I fancy that, for the markets this Monday morning, we have a Care Bear-like sentiment backdrop in place: in other words, smiles. This is troubling, as the indicators I track religiously are unsupportive of such near-term happiness. I fear that, if we were to rip the head off this Care Bear -- that is, peer into the soul of the market -- we would be left with the same disappointment I had as a child.
Foundation of Care Bear Market Sentiment
Fed is not a friend this week: The overall commentary from the Federal Reserve's latest gathering has been akin to putting a wet blanket on top of a campfire. That certainly isn't the intention of a group of policymakers who have continued providing countless assurances to the market in terms of what their potential next round of actions might be. Consequently, the market is sheepishly smiling that a positive #BernankeBomb will be dropped during the Fed chief's testimony this week.
To that I offer this blunt assessment: Is there anything this man has not said to make it explicitly apparent where the Fed's head lies? If you expect more precision and are building long positions rooted in that logic, be prepared for another letdown.
Market is digging any positive it can score: Didn't Alcoa (AA) post earnings last week? The market seems to have a short memory, choosing to extrapolate a "not as bad as advertised" second-quarter earnings season thanks to figures from JPMorgan Chase (JPM) and Wells Fargo (WFC).

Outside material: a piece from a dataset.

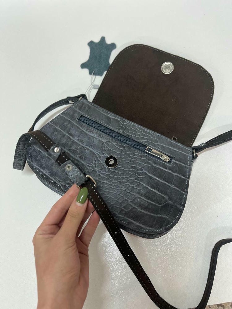 کیف به صورت دوشی قابل استفاده است و پشت بند دوشی و داخل کیف آستر دوزی شده ،کیف با درب دکمه خورد باز و بسته میشه ،داخل کیف دو طبله هستش که با یک جیب زیپی در وسط کیف طبله ها از هم جدا شدن. پشت کیف  و جلوی کیف هم دارای یک جیب زیپ دار هست.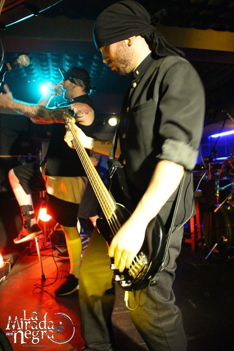 Así que el ambiente nos sorprendió caldeado cuando recién llegados de hacer nuestro programa de radio entramos por la puerta y Alerta estaba descargando ante una motivadora presencia de personal superior a las 100 almas. Los de Durango no pudieron descargar todo su set preparado para esta noche, pero dejaron buena muestra del potencial expuesto en su trabajo “Siempre Más Fuertes”. Así fue su repertorio, cada tema tanto o más contundente, donde podemos destacar “Distancia”, “Temblarán” o el propio tema homónimo, que provocó (con su vocalista mezclado entre el público) los primeros pogos de la noche. Solo un preludio de lo que estaba por llegar, pero Alerta supieron captar la atención del respetable con mucho entusiasmo, demoledor sonido y mucha artillería en cada una de sus canciones. La banda de metalcore lleva ya varios años en la brecha, editando varias demos antes de su debut discográfico, y necesita oportunidades como esta para llegar a la gente, algo que toman con muchas ganas. Seguro que se les hizo muy corto el tiempo sobre las tablas.

Man, does sentiment turn on a dime. Coming into Alcoa's earnings release, market sentiment was very downbeat, and Alcoa fed that negativity. JPMorgan and Wells Fargo, however, ignited the kind of hope I didn't want to see in the week before earnings really begun to flow. I'd have preferred investors selling the news events, thus bringing stocks back into oversold territory as earnings are announced. Keep in mind this mindset applies to initiating longer-term long ideas. In any case, the result of that modest hope infiltration has been that the bar has risen ever so slightly, just as corporate fundamentals are set to show a sequential weakening and as we see the start of a second wave of estimate cuts for full-year earnings.
Here is something fresh to the scene: Upon waking this morning, was the term "macro troughing" a thought at all? It probably wasn't -- but you have now been put on notice regarding this growing view on the Street. Macro troughing refers to economic reports that are getting less bad on a month-to-month basis and are not slipping below consensus by a sizable amount. It appears macro troughing is being sought to justify buying in to second-quarter warnings season (and yes, that would be "warnings season").
I am not sold on this, given the severity of the deceleration in May and June macro readings. Should you disagree, the Empire State Manufacturing Index and Philly Fed Index -- which both printed horribly in the previous month and set up for the limp Institute for Supply Management manufacturing output -- are where to go with your notepad. Key focus: not the headline, per se, but on the employment components.